Prompt
Everything from the line that contains "摘要 甘肅省自考公安管理專業(yè)(??疲┱n程設置與學分" to the final line of the data, both ends included, must be set down exactly, apart from the pictures.

Supplied data
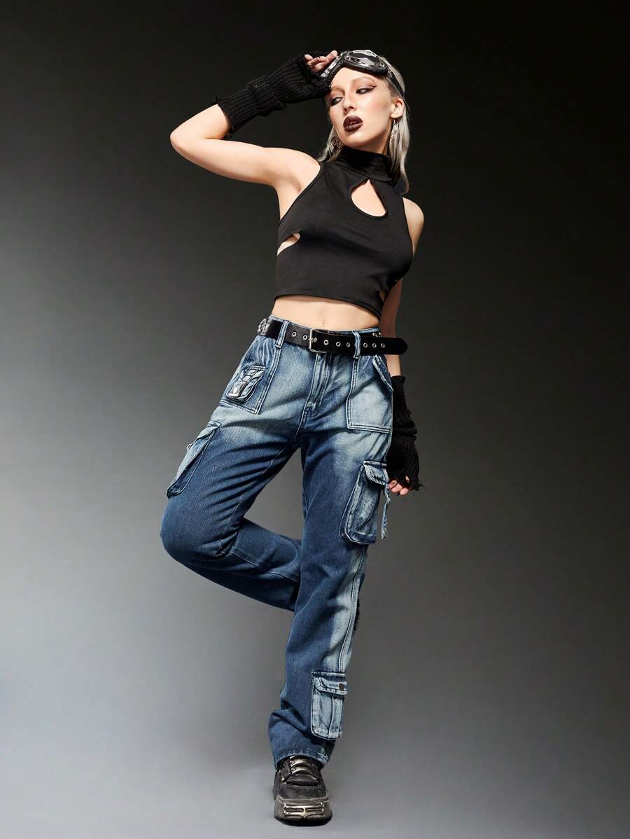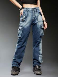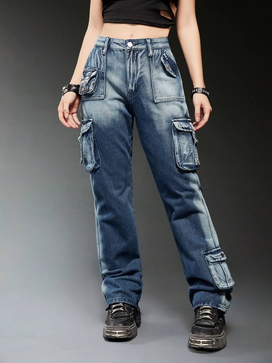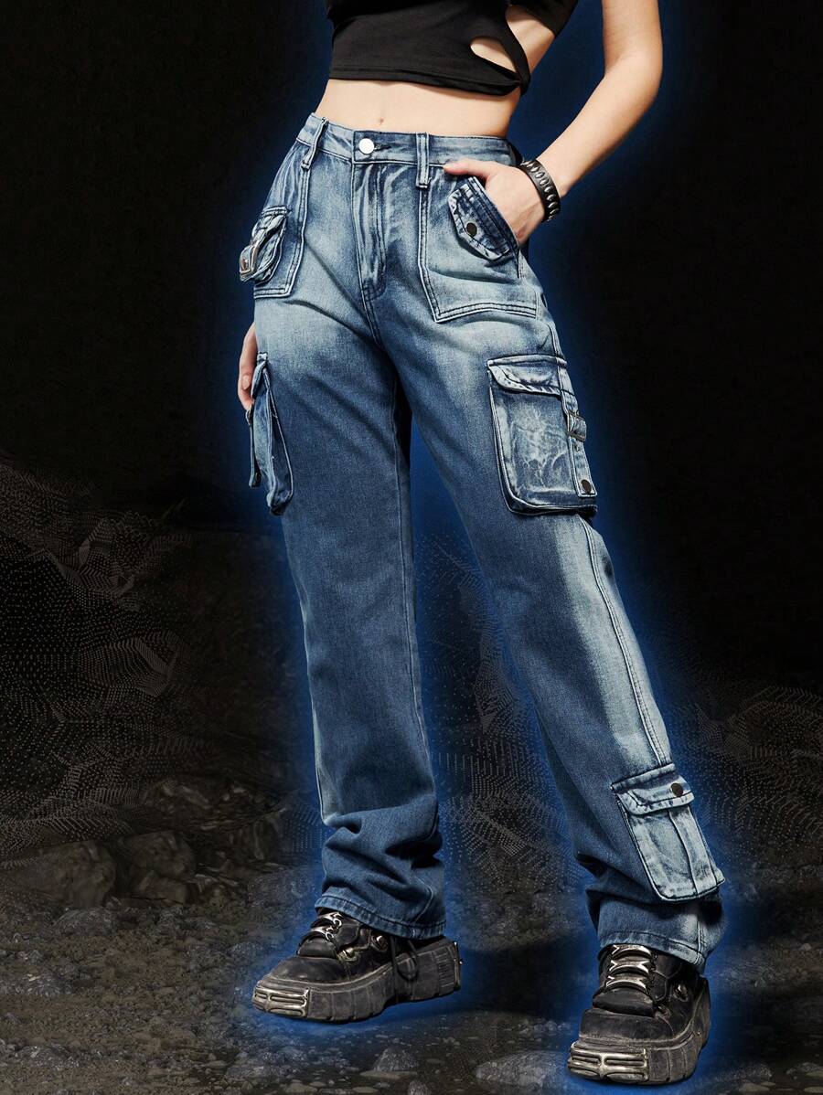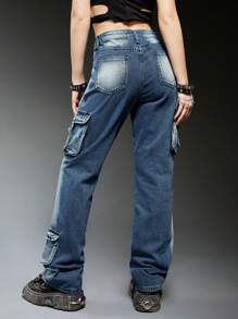 Grunge Punk Jeans cargo con bolsillo con solapa con lavado
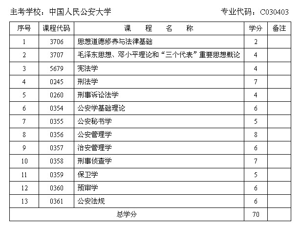 摘要 甘肅省自考公安管理專業(yè)(??疲┱n程設置與學分
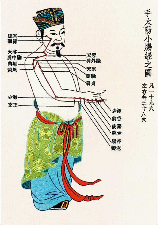 手太阳小肠经在体内属小肠,络心,并与胃、眼和内耳相连。在体表起于小指外侧的少泽穴,沿手臂外侧上行至肩部,再到面部,止于耳部。
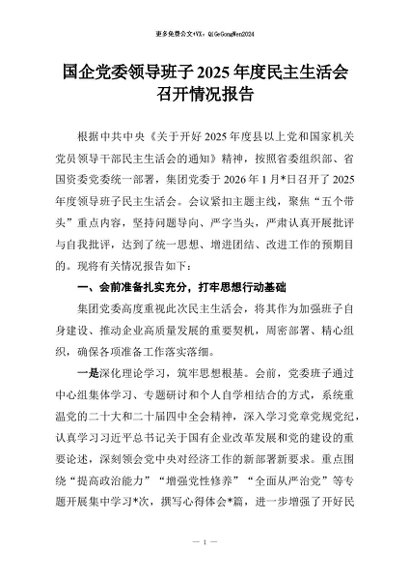 【七哥公文】2026年:国企党委领导班子2025年度民主生活会召开情况报告+更多免费公文+VX:QiGeGongWen2024

Output for this task
 摘要 甘肅省自考公安管理專業(yè)(??疲┱n程設置與學分
 手太阳小肠经在体内属小肠,络心,并与胃、眼和内耳相连。在体表起于小指外侧的少泽穴,沿手臂外侧上行至肩部,再到面部,止于耳部。
 【七哥公文】2026年:国企党委领导班子2025年度民主生活会召开情况报告+更多免费公文+VX:QiGeGongWen2024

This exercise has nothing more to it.